ココロ

ヒトは強くなっていくものです。屈強な海兵隊員だって、赤ん坊の時から強いわけではありません。

ただ、強くなるように自らを鍛えないと、当然の事ながら、弱いままです。歳を喰ったからって、皆がタフになれるわけではありません。

私が思うに、身体は成長するにしたがって、それなりの強さを備えるようになりますが、ココロは年齢とともに強さが増すとは言い難い性質を持ちます。身体が成長し、どんなに技術を習得しようが、弱いままのココロが「しなくてよい失敗」を呼び寄せるのです。

‥‥なので、技術とともに「経験」も一緒に積んでいくわけですが、それでも「根本的なココロの弱さ」は残りがちです。

ココロの弱さは、実はそう簡単に強くできるものではありません。ヌボーっと生きているだけでは、一向にタフにはなりません。

例えば、バイクで細い直線ラインを走る場面を想像してみます。



シートに座ったまま足を着くには狭い、かと言って、そこそこの幅はある、1本の細道です。バイクを運転できる人なら、ほとんどの人がこの細道を走行できるはずです。

では、この場合はどうでしょうか。



多くの人が、両脇の落差に動揺して、走行がフラついて、転倒&転落する事でしょう。そればかりか、「こんな道、走るの無理」と走行自体はあきらめる人のほうが多いと思います。

この2つのバイク走行における、運転操作上の技術的な差は全くありません。1図も2図もごく普通に、進行方向を見て走れば良いだけです。

しかし、2図の場合、人の目は「余計な動き」が多くなります。走行中には見る必要もない自分の足下や、落ちたら痛いであろう段差の下などを、キョロキョロと視線が動き、走行がふらつく大原因となります。そして、小さなフラつきをカバーしようとして、さらに大きくフラついてバイクが傾き、脱輪、奈落の底へと大転倒‥‥というシナリオです。

ではなぜ、そんな「失敗を招く、視線の動き」が発生するのでしょうか。「もしかして自分は上手くできないのでは?」「落ちたら怖い」「転落したら痛い」‥‥そんな不安や恐怖が脳裏を駆け巡り、「不安と恐怖の対象」をせわしなく目がサーチするからです。興味深いのは、それが本人の表面の意思では制御できない「ココロの奥」からの作用だ‥‥という事です。
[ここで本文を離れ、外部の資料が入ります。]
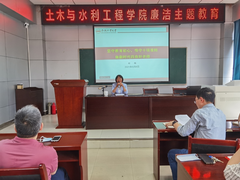 5月8日下午,76net必赢线路检测中心在515会议室开展了廉洁主题教育党课,学院全体党员教师参加了此次党课。党委书记刘梅主持此次活动。
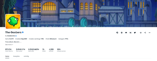 The Goobers项目于2021年9月创立,截至今日累计拥有4359名投资者。项目绑定虚拟货币以太坊,以此为链条创建的NFT物品数量为14575个。项目总资产为971以太坊,按照近期的汇率换算,总价值高达129万美元。
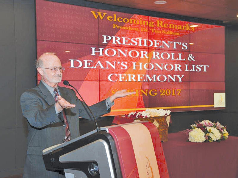 د. سوليفان، بكلمة، عبَّر فيها عن فخره بالإنجازات الأكاديمية للطلاب المتفوقين: "تفتخر الجامعة بجميع الطلبة، بما حققوه وبما سيفعلونه في المستقبل".وبعد افتتاح الحفل، تمت دعوة الطلاب إلى المسرح، لتسلم شهادات التقدير من رئيس الجامعة وعمداء الكليات.
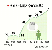 취업기회전망 CSI도 7년 만에 100을 넘어섰다. 7월 91에서 8월 104로 13포인트 뛰었다. 지금의 생활형편이나 수입전망, 소비지출 전망도 모두 7월에 비해 3~4포인트씩 올랐다. 가계심리가 개선됐다는 의미다.
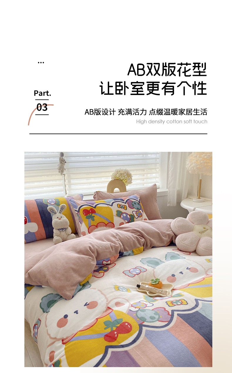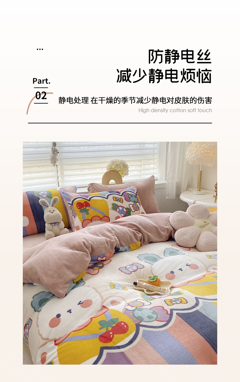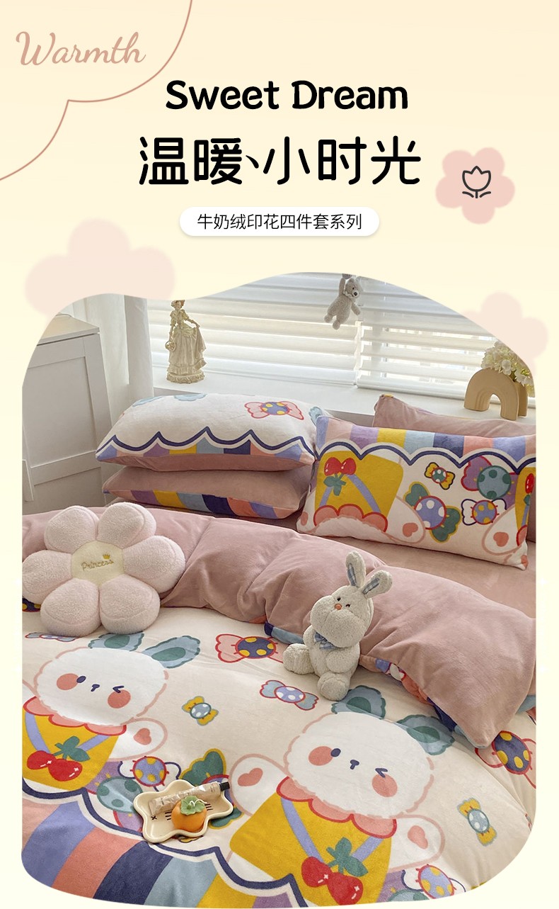 当前位置: 91家纺网 > 商品网购 > 床品套件 > 四件套 > 牛奶绒四件套 > 古吉梦 2022年新款牛奶绒印花四件套 彩虹兔
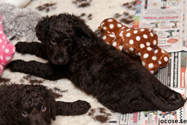 Jag gissar att du bara på bilden här kan e vad vi har gjort igår. Men det som bilden inte visar är att alla valparna har fått vara ute i snön för första gången, och de gjorde alla dessutom ifrån sig där innan vi gick in igen. De har också fått vara på en åktur med bilen, de var äl inte sådär jätteimponerade och nöjda med den biten men det är ju något de måste träna på och för att vara första gången måste jag säga att det gick ganska bra.
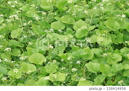 乗鞍高原の白い野菊の群生 緑背景長野県

結局、本人のココロの弱さだけが、「難しくもない1本道の走行を、超難関レベルへと押し上げている」のです。

「そんな事言ったって、こんなシチュエーションじゃ、普通、緊張して出来ないじゃん?」‥‥と言うのは、ごもっとも。

‥‥でも、逆に言えば、「緊張しない、動揺しない」ココロへと鍛え上げれば、「出来ないと思っていた事が出来るようになる」‥‥とも言えるのです。

では、「緊張しない、動揺しない」ためには、何が必要かと言うと、実は「技術」なんですよネ。技術的な自信や裏付けがあってこそ、緊張や動揺を蹴散らす「度胸」も生まれるのです。上図のバイクに例えれば、「安定した走行を維持する」の為の技術‥‥でしょうか。

私はまさに、上図のバイク走行みたいな事を、20代の頃に実際にやって、「メンタルを強くする」一助としていました。さすがに上図は極端ですが、「ミスったら、痛い目にあう」ようなシチュエーションを自ら選択して、オフロードバイクで練習していましたが、思い起こせば、かなり有用な経験だったと思います。転倒の痛み・車両破損の恐怖と隣り合わせの感覚を感じながら、ブレずに「いつも通りの技術を発揮する」というココロの状態。「動揺するから失敗する、動揺しなければ成功する」という体験を何度も繰り返せたお陰で、実際の映像制作でも「度胸の付け方を応用」できました。

ココロは、「自分を取り巻く全て」において作用しますネ。状況に呑まれず、「粛々と成す事を成す」ためには、どうしても、ココロの強さ・タフさが必要になります。